苏自舟微微侧了一下眸,感受到主子碰了一下他的肩,再道:“谢陛下赏赐……”屈着膝过去,也端不下,还是由另两个侍女帮忙接着,他才敢起身。
文瑧居高临下地望着他,面上是寡淡的笑,顺道把腰际的那串玉佩解下来,也递过去:“这玉佩朕也赏你了,日后可要好好服侍李相。”
明明是赏赐,那轻蔑的神态却像拿着一块骨头丢给看门听话的小狗。
李简感到心惊,苏自舟不曾触怒文瑧,为何会待他这样?仅因为他身份低微?
苏自舟战战兢兢地收下了,眼圈也红了:“谢陛下,奴定不会辜负李相的再造之恩。”
李简怕这孩子失态,找了个借口赶紧让人退下。
这一顿饭,大概除了皇帝和睿王,谁都提着一颗心,宋清漪更是,看似提着筷子,可面前的菜式却只少了几片绿叶。
临走时,李简趁着百禄给文瑧穿氅衣,从果盘里抓了一把果糖塞到了宋清漪手里,宋清漪怔愣:“这是?”
李简低声道:“怕你没吃饱。”
宋清漪斜着眼嗔笑:“我又不是小孩子。”
李简却打量他这一身衣袍,其实从宋清漪一进院他就想夸了:“你这一身好看,淡雅,新年里与众不同。”
宋清漪大概是没想到李简会赞他的穿着,先是一愣,慢慢地眼角的笑意渐浓:“我想着众人最近肯定是花团锦簇,所以择了一身素净的衣袍。”
李简低声笑道:“清漪果然是阳春白雪的性子。”
“嗤……”忽然一声冷笑,文瑧不知何时静静地打量着这两人,面上仍是清清淡淡的笑容:“李相倒是面面俱到。”
李简一听,好嘛!疏檀又回归李相了。
但他没有接话,小皇帝今天任性的莫名其妙,总不能所有人全程围绕着皇帝,跟别人说两句话就算冷落了他吧!

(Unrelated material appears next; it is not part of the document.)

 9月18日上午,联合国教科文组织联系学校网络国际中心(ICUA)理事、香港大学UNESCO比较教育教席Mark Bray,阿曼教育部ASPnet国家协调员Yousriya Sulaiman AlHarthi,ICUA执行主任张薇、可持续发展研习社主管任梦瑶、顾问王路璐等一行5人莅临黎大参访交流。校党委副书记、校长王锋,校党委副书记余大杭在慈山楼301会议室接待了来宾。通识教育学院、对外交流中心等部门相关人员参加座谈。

文瑧定住步伐,却什么也没有等到,他收回了目光,再次踏出了一步,腰际的荷包跟着步伐晃动了一下,他低下头,不过是所有人都有的东西,哪里值得他时刻挂在身上,放在心里。
文瑧抬手去解那只荷包,李简一见他这个动作就知又要闹事。赶紧上前,靠近了按住文瑧的手指:“陛下……”
纤润的手指在他掌心挣扎,李简却紧紧地覆盖住了文瑧的指尖:“好好的取下来做甚!”
文瑧低下头不说话,心里明明空落落地灌着风,眼眶却涌着一阵酸涩。他不能哭,他是皇帝,尤其在某人面前,他不能落了势。
李简却叹了一口气:“真是个孩子,还没有长大。”
文瑧一听这话更生气了!直接挣脱开,李简反应更快:“好了好了,是臣错了。”一面去擦拭他脸上摇下来的泪珠:“不哭了。”

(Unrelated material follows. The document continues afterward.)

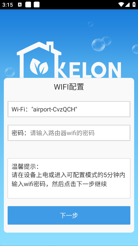 点击“添加设备”,输入家庭WiFi密码,完成初步配对。

两人就这样肆无忌惮地一个哄,一个闹。虽然李简那眼神里没有笑,可是那与众不同的温柔与宠溺,那样直白又暧昧的眼神,像粘粘腻腻的桂花糖糕,两人近得连呼吸都要交缠在一起,又静得外人都容不进去。
宋清漪怔怔地看着这一幕,刹那间明白了一切。
迟钝的痛如木杵一下一下凿进宋清漪的心脏,原来,这才是真相。
等把所有人都送走,李简直接累得瘫倒到床上,苏自舟也适时出来为人宽衣,李简一脸呆木地望着床项,仿佛自言自语:“一天下来比上朝还累。”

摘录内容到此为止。